Data Analysis

The data analysis tool provides summary of data properties and visual inspection of data points. The data analysis tool is available for the data matrix.

Summary

A summary of data set properties is found in the summary panel, see Figure 1.

../../../_images/dataanalysis2.png

Figure 1: Summary of data set properties

The generated summary reports:

  • Number of rows in data set

  • Number of columns in data set

As well as a per column summary that contain:

  • Column name

  • Inferred data type - this is either Interval, Number or Text label

  • Values count (not counting missing values)

  • Distinct values count

  • Missing values count

  • The percentage of missing values (missing/total)

Inspection

The inspection panel provide visual inspection of numerical data points by plotting all values from selected columns in a single chart. Depending on the data type of the selected columns, the chart may take the form of a set of dots (numerical data X numerical data), lines (numerical data X discrete data) or a grid (discrete data X discrete data).

Multiple variables can be selected on the Y-axis by selecting multiple checkboxes in the bottom right panel. The colors of each variable can be customized by clicking on the colored icon next to the variable name.

To plot a set of variables as a sequence, select the special value “Row Id” as the variable on the X-axis. It appears as the first option in the drop-down menu.

The legend in the top-right corner can be removed by de-selecting the ‘include legend’ option at the bottom of the screen.

Note that you can re-size the window to adjust the size of the plot.

The inspection panel in Figure 2 has a plot generated from numerical data.

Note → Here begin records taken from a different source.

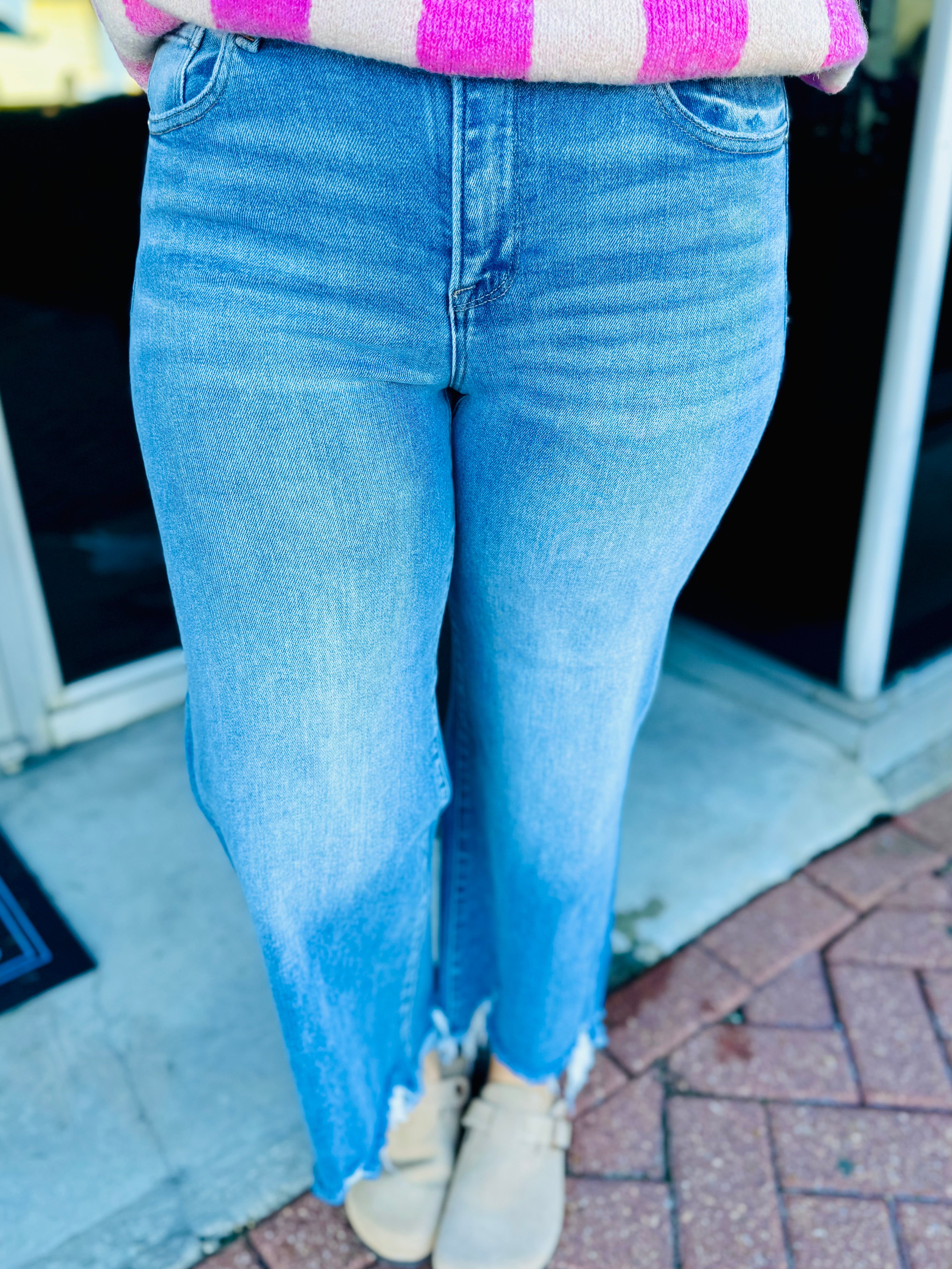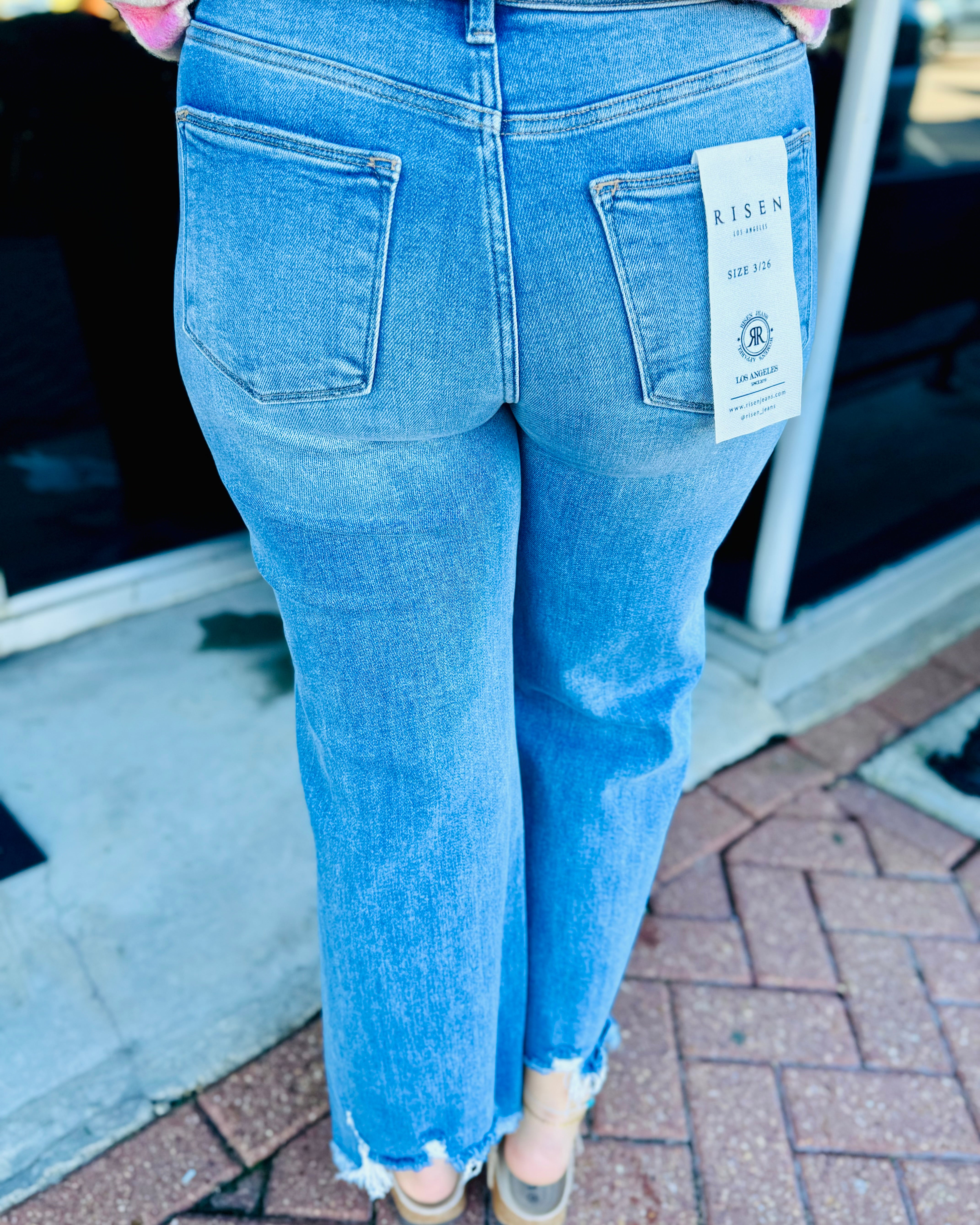 Elevate your denim game with these stunning high-rise crop jeans from RISEN JEANS. Featuring a flattering 10 1/2" rise and a chic wide step hem, they're designed to showcase your style with confidence. The perfect 27" inseam in size 3/26 creates an effortlessly polished look that transitions seamlessly from casual to dressed-up occasions. Experience the comfort and versatility that makes these Rachael jeans an essential addition to your wardrobe.
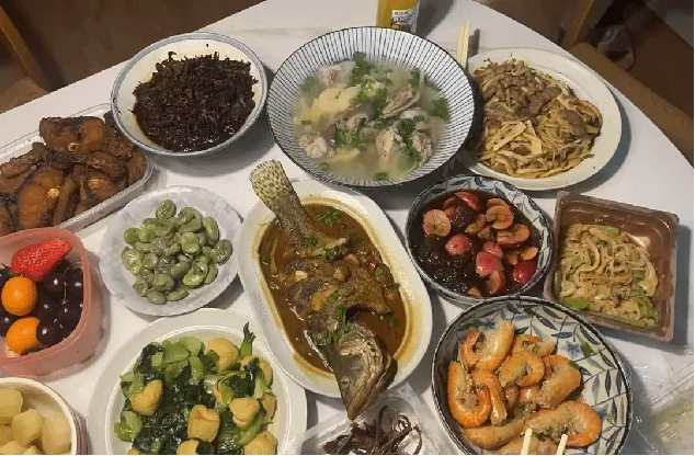 桌上摆满刚出锅的鸡鸭鱼肉
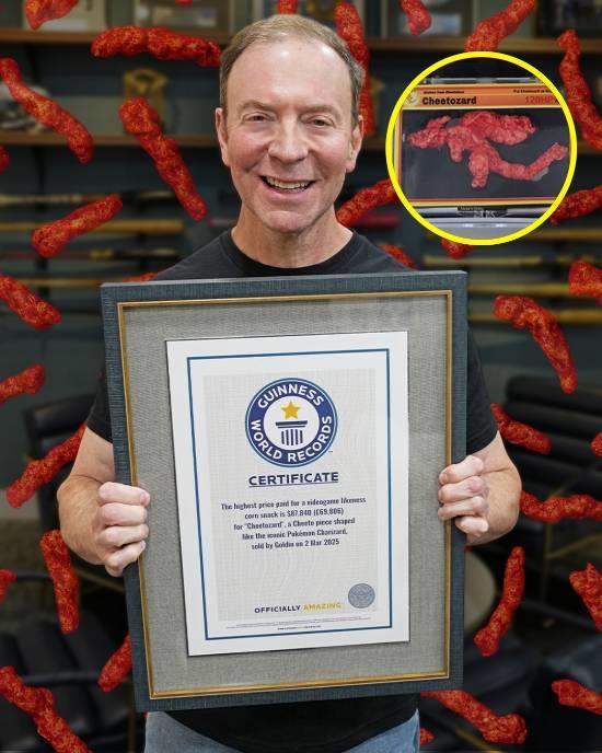 在2025年2月时,“喷火龙奇多”登上了拍卖行Goldin的拍卖平台,吸引了众多粉丝竞价,最终演变成一场相当激烈的竞拍。最终成交价(包含22%手续费)达到了87840美元。而在2026年3月16日,吉尼斯官方终于宣布,“喷火龙奇多”创下了“外形类似电子游戏角色的玉米零食成交最高价格”这一纪录。
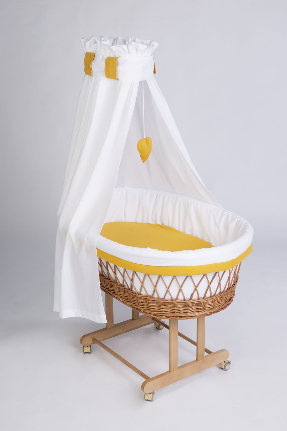 Die Kombination mit dem vollständigen textilen Set aus weicher Bio-Baumwolle schafft ein harmonisches Design. Der fließende Stoff des Himmels sorgt für gedämpftes Licht und eine ruhige Schlafatmosphäre, die Wattierung des Polsters schützt vor dem Anstoßen. Das Set ist somit genau auf die Bedürfnisse des Säuglings abgestimmt und wird komplett in unserer Manufaktur in Deutschland entworfen und gefertigt.
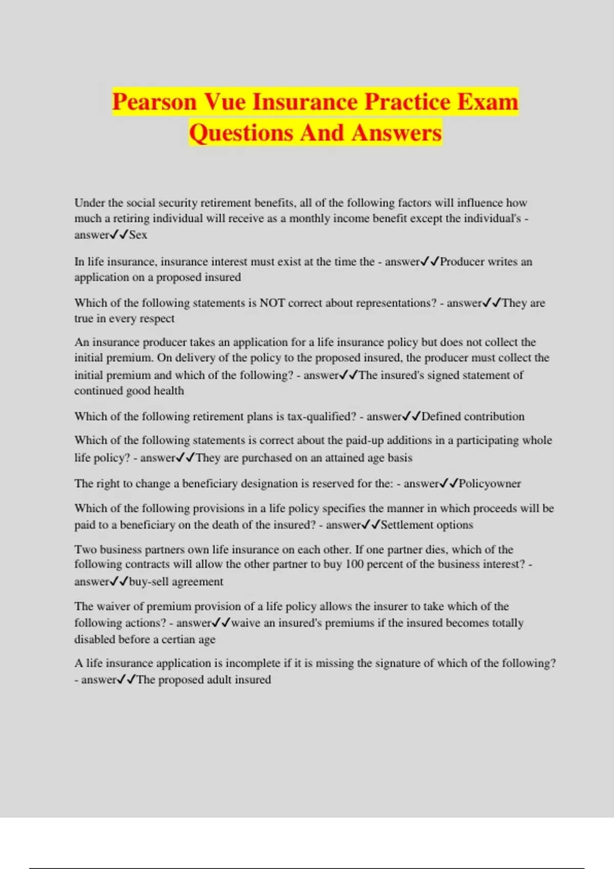 Pearson Vue Insurance Practice Exam Questions And Answers
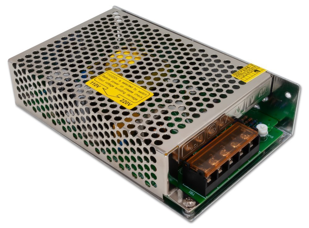 Stabilizovaný napájecí zdroj s nastavitelnou hodnotou výstupu 11–14 V DC (max. proud 5 A) a výkonem 60 W. Určený pro vestavbu či přímou montáž na zeď. LED signalizace funkčnosti portů.
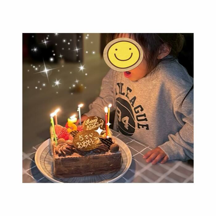 また、チョコレートの板に「5さい おめでとう」と書かれた、フルーツ盛りだくさんのチョコレートケーキも。写真には、トレーナースタイルの娘さんがろうそくの火を消そうとする瞬間が収められていて、大切な思い出の1枚です。
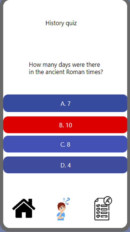 تطبيق مسابقة ويحتوي على 4 فئات الجيولوجيا والعلوم والتاريخ والرياضة. عند النقر فوق زر إذا كان صحيحا تحصل على نقطة واحدة.
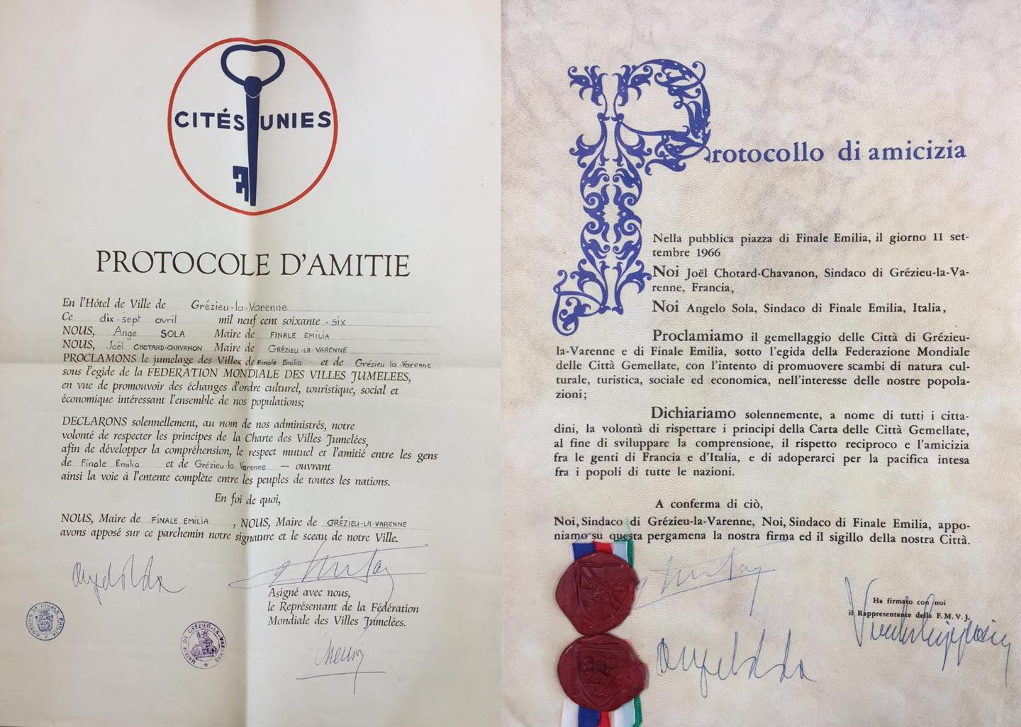 In occasione del 60° anniversario del gemellaggio tra i comuni di Finale Emilia e Grezieu La Varenne, siglato in Francia il 17’aprile 1966 e in Italia l’11 settembre dello stesso anno, una delegazione di cittadini finalesi si recherà presso la cittadina francese nel prossimo mese di giugno.
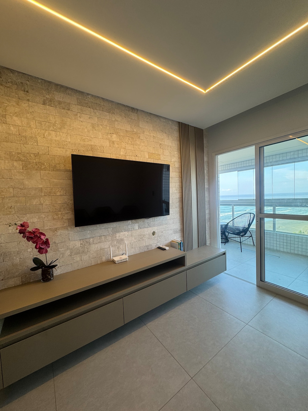 リビングと寝室にエアコンが設置されたモダンなアパートメント。設備の整ったキッチン、コンロ、オーブン、電子レンジ、スマートテレビ、Netflix、Wi-Fi、サントスビーチの絶景を望む広いバルコニー。 コンドミニアムには、2つの素晴らしいプール、1つは温水プール、もう1つは海に面したインフィニティエッジプールを備えた完全なレジャーエリアがあります。
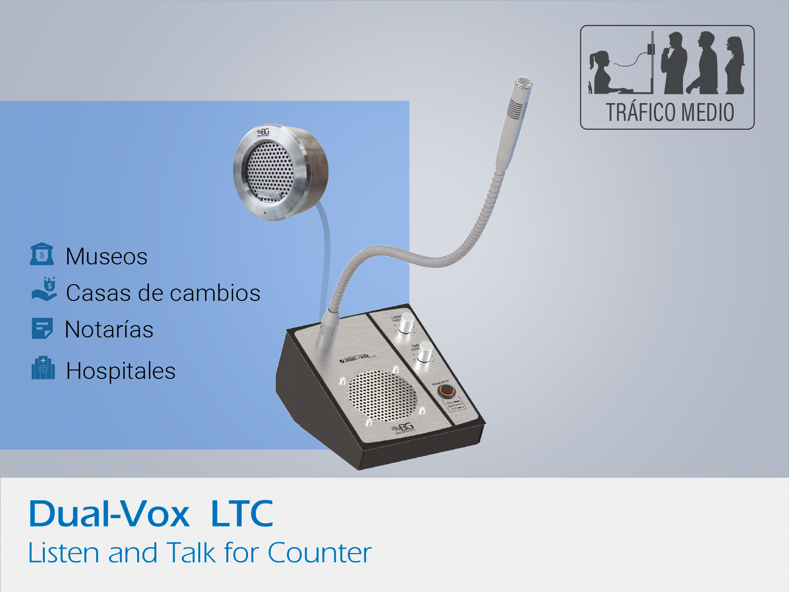 Intercomunicador diseñado para zonas con ruido ambiente medio como oficinas, proyectando una excelente imagen corporativa gracias a su elegante presentación con acabados en aluminio y acero.
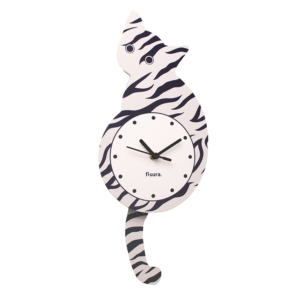 Horloge chat tigré au design ludique et chaleureux, idéale pour apporter une touche fun à votre intérieur.

../../../_images/dataanalysis.png

Figure 2: Inspecting plot of numerical data points - missing data is plottet outside chart

A total of three columns can be used to generate the chart: X-axis, Y-axis and coloring. Columns can be selected from the three drop-down lists. The drop-down lists contain column names, prefixed according to data type with either (n) for numerical data, (i) for interval, or (t) for text labels.

Missing data go outside the chart following these rules:

  • Missing on both X and Y go in the upper right corner

  • Missing on X and observed on Y go outside chart to the right

  • Observed on X and missing on Y go outside chart in the top

If a column has been chosen for coloring the plot, values are mapped to colors in the range from red to green, blue indicates missing value.

Classes

The classes panel provides inspection of discrete variables by classifying a variable using a selected target class. When selecting a variable and target class, a table with counts and a column diagram is produced. When a column in the diagram is clicked, the entry in the table that corresponds to the clicked column part is highlighted. Hovering the mouse cursor over the diagram reports the corresponding configuration as well.

The classes panel in Figure 3 contains a diagram for classification using two discrete variables with three states each.

../../../_images/dataanalysis1.png

Figure 3: Inspecting classification using discrete variables